Druid organises data in the form of segments. Each of these segments is a data file. These files carry a few million rows. Loading of data in Druid is termed ingestion, and consists of the following:

  • Reading data from the source system
  • Building of segments based on this data

Ingestion can be carried out in two ways:

  • Streaming ingestion
  • Batch ingestion

Each of these ingestion systems has support for its own sources from which it pulls the data. Streaming ingestion is recommended and popular. It reads data directly from Kafka. The Kinesis indexing service is also used.

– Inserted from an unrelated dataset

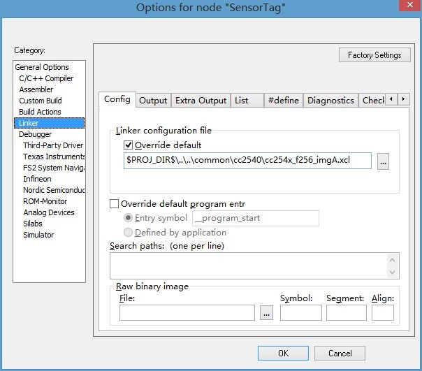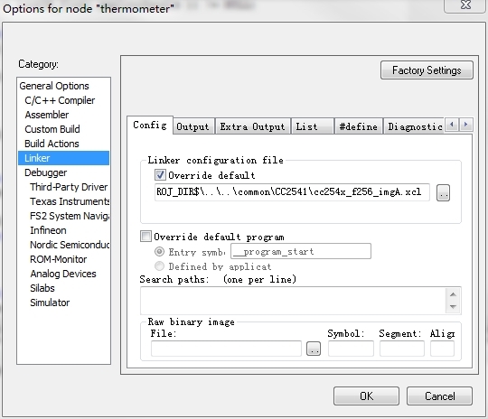 Unable to open file 'C:Texas Instruments\BLE-CC254x-1.3.1\Projects\ble\THermometer\CC2541DB\..\..\common\CC2541\cc254x_f256_imgA.xcl.

In the case of batch indexing, there are three options:

  • index_parallel
  • index_hadoop
  • index

To understand Druid better, it is important to have an idea about its design and components. With a primarily multi-process and distributed architecture, Druid is cloud-friendly in its design.

Druid processes and servers
There are many types of processes as listed below.

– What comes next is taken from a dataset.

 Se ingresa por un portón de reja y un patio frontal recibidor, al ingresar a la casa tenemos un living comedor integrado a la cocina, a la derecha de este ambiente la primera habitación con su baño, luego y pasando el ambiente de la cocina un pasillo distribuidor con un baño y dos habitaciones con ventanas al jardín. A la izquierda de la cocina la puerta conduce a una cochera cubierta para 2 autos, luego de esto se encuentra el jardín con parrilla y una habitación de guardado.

  • Coordinator: Manages data availability on the clusters
  • Overlord: For controlling the assignment of data ingestion workloads
  • Broker: This is for handling queries from external clients
  • Router: Used to route requests to brokers, coordinators and overlords
  • Historical: For storing the data that can be queried
  • Middle manager: This is responsible for ingesting data There are three types of servers.
  • Master: This is for running the coordinator and overlord processes. It also manages data availability and ingestion.
  • Query: This runs broker and router processes (optional). It is used for handling queries from external clients.
  • Data: This runs the historical and middle manager processes. It is used to execute ingestion workloads.

External dependencies
Druid has three external dependencies.

  • Deep storage: This is a shared file storage which is accessible by each Druid server. This can be a distributed object store such as S3 or a network mounted file system.
  • Metadata storage: This is used for storing various shared system metadata. This can include items such as segment usage information and task information.
  • ZooKeeper: This is used for various activities such as internal service discovery, coordination and leader election.

The architecture diagram of Druid (from the official documentation) illustrates the components and their interaction (Figure 4).

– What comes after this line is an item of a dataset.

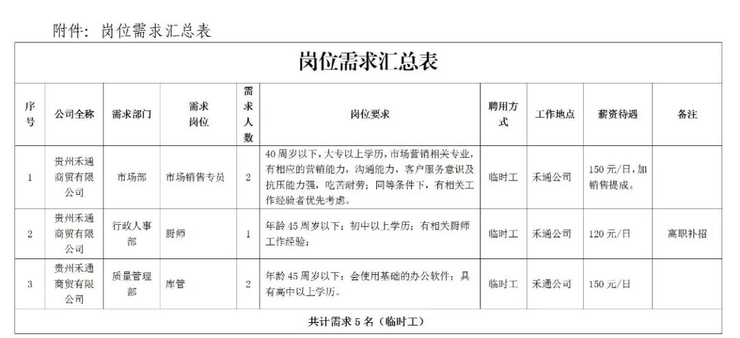 拟向社会招聘市场专员临时工2、食堂厨师1人(离职补招)、库管2人(详见附件)。

Figure 4: Architecture of Druid

Druid installation
Druid may be installed on a laptop for experimental purposes. It has various startup configurations. You should try the micro-quickstart configuration for evaluating Druid. The nano-quickstart configuration requires very few resources — one CPU and 4GB RAM.

The basic requirements for installing Druid on your computer are as follows:

  • Operating systems like Linux and Mac OS X. Similar UNIX based OSes are also supported. The official documentation lists that Windows is not supported.
  • Java 8 (update 92 or later).

If your system satisfies the above requirements, download version 0.21.1 from https://www.apache.org/dyn/closer.cgi?path=/druid/0.21.1/apache-druid-0.21.1-bin.tar.gz. Then extract it from the terminal and navigate to the directory:

tar -xzf apache-druid-0.21.1-bin.tar.gz
cd apache-druid-0.21.1

Druid can be started with the micro-quickstart configuration using the following command:

./bin/start-micro-quickstart

This command launches instances of ZooKeeper and Druid services:

$ ./bin/start-micro-quickstart
Running command[zk], logging to[/apache-druid-0.21.1/var/sv/zk.log]: bin/run-zk conf
Running command[coordinator-overlord], logging to[/apache-druid-0.21.1/var/sv/coordinator-overlord.log]: bin/run-druid coordinator-overlord conf/druid/single-server/micro-quickstart
Running command[broker], logging to[/apache-druid-0.21.1/var/sv/broker.log]: bin/run-druid broker conf/druid/single-server/micro-quickstart
Running command[router], logging to[/apache-druid-0.21.1/var/sv/router.log]: bin/run-druid router conf/druid/single-server/micro-quickstart
Running command[historical], logging to[/apache-druid-0.21.1/var/sv/historical.log]: bin/run-druid historical conf/druid/single-server/micro-quickstart
Running command[middleManager], logging to[/apache-druid-0.21.1/var/sv/middleManager.log]: bin/run-druid middleManager conf/druid/single-server/micro-quickstart

Once the services are started, the Druid console can be opened by navigating to http://localhost:8888. You will find the output as shown in Figure 5.

Figure 5: Druid console

Then data can be loaded from the Load Data -> Local Disk option, as shown in Figure 6. The example data from the tutorial folder can be chosen.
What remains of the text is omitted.